*Exercise requirements*:
Whenever a picture appears, leave it out while repeating all the other data exactly.

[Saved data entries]
_ _ _
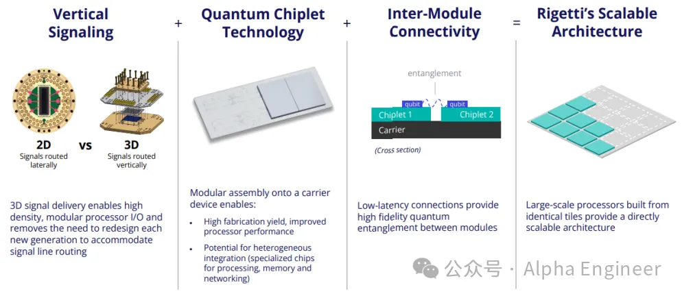 首先,Rigetti的核心优势在于其突破性的模块化芯片架构(chiplet技术) ,这是全球首个实用化的多芯片量子处理器设计。
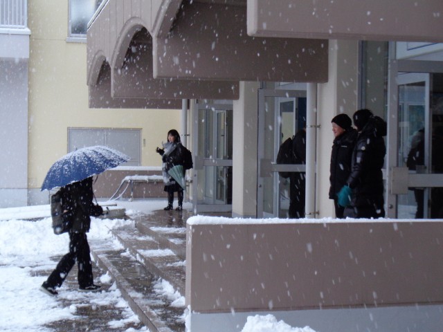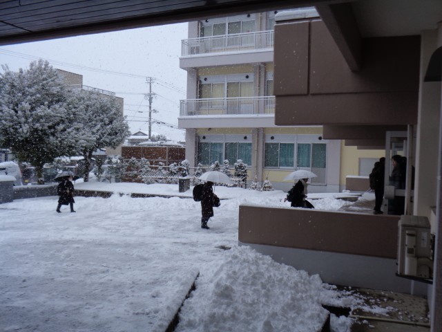 今朝は大雪警報が出ています。雪の中でも元気に登校しています。
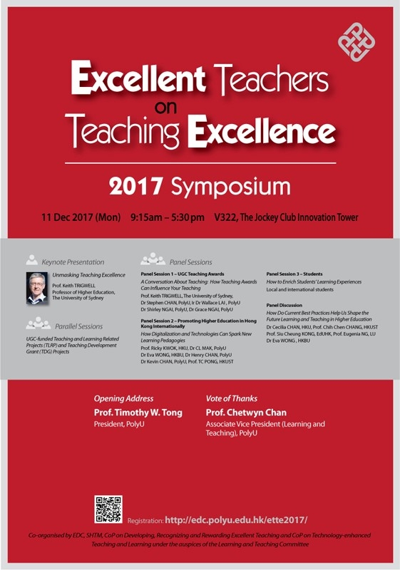 This year, the theme of the Symposium is "Teaching and Learning Excellence – Past, Present and Future". The highlights of the Symposium include a keynote speech by distinguished Professor Keith Trigwell from the University of Sydney, an external consultant engaged by the UGC to review teaching development initiatives in 2016-19, and sharing by UGC teaching award recipients and external education award winners from across institutions. In addition, there will be parallel sessions in which TDG and inter-institutional learning and teaching project leaders from UGC-funded institutions will present their project findings. This event will be open to all UGC-funded institutions as a celebration of teaching excellence.
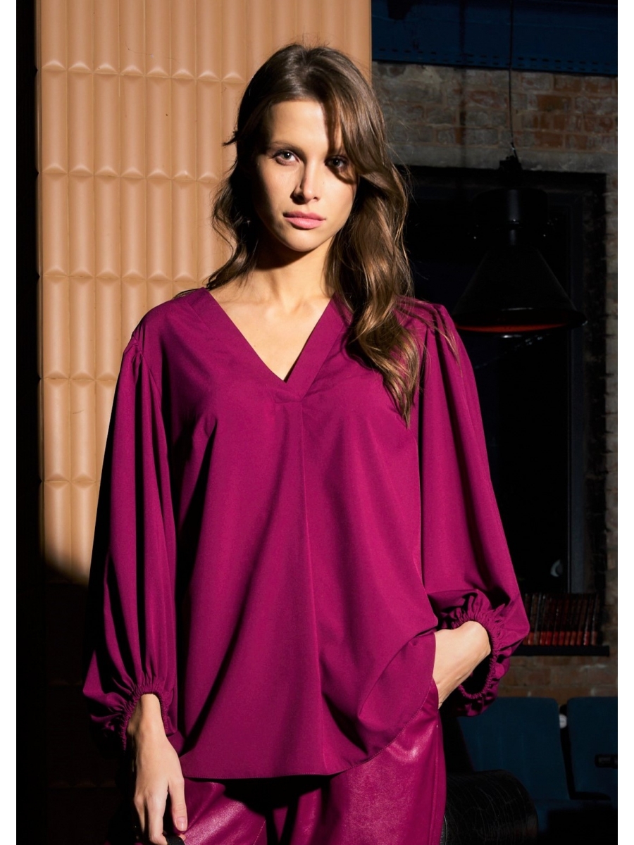 Оформить заказ →Блуза женская, полуприлегающего силуэта. По полочке идет нагрудная выточка из бокового шва. Вырез V-образной формы с планками и складкой по центру. По спинке средний шов, рукав объёмный, по окату сборка. Низ рукава фигурный, на резинке.
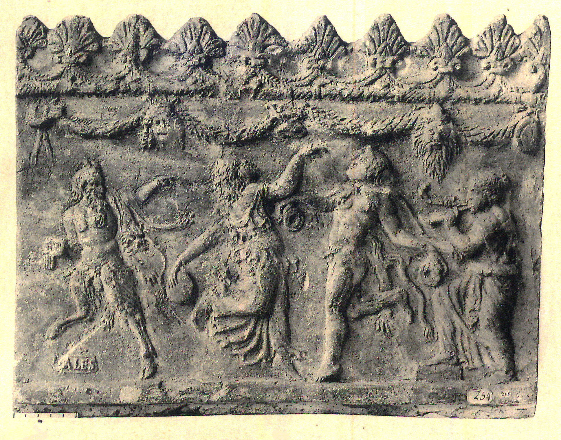 Commenti. Pagliardi: Sono noti 10 esemplari di lastre con bollo VALES, per lo più con scene bacchiche (von Rohden – Winnefeld 1911) provenienti dalla Villa di Livia a Prima Porta, da Tuscolo e da Ostia in sepolcri della prima età imperiale (Borbein 1968; Rizzo 1976-77; Rauch 1999, 120-122).
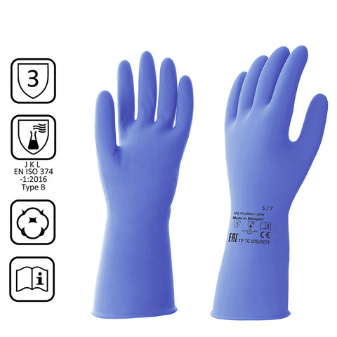 Перчатки латексные КЩС, сверхпрочные, плотные, хлопковое напыление, размер 7 S, малый, синие, HQ Profiline, 74733
_ _ _
*Exercise answer*:
 首先,Rigetti的核心优势在于其突破性的模块化芯片架构(chiplet技术) ,这是全球首个实用化的多芯片量子处理器设计。
 今朝は大雪警報が出ています。雪の中でも元気に登校しています。
 This year, the theme of the Symposium is "Teaching and Learning Excellence – Past, Present and Future". The highlights of the Symposium include a keynote speech by distinguished Professor Keith Trigwell from the University of Sydney, an external consultant engaged by the UGC to review teaching development initiatives in 2016-19, and sharing by UGC teaching award recipients and external education award winners from across institutions. In addition, there will be parallel sessions in which TDG and inter-institutional learning and teaching project leaders from UGC-funded institutions will present their project findings. This event will be open to all UGC-funded institutions as a celebration of teaching excellence.
 Оформить заказ →Блуза женская, полуприлегающего силуэта. По полочке идет нагрудная выточка из бокового шва. Вырез V-образной формы с планками и складкой по центру. По спинке средний шов, рукав объёмный, по окату сборка. Низ рукава фигурный, на резинке.
 Commenti. Pagliardi: Sono noti 10 esemplari di lastre con bollo VALES, per lo più con scene bacchiche (von Rohden – Winnefeld 1911) provenienti dalla Villa di Livia a Prima Porta, da Tuscolo e da Ostia in sepolcri della prima età imperiale (Borbein 1968; Rizzo 1976-77; Rauch 1999, 120-122).
 Перчатки латексные КЩС, сверхпрочные, плотные, хлопковое напыление, размер 7 S, малый, синие, HQ Profiline, 74733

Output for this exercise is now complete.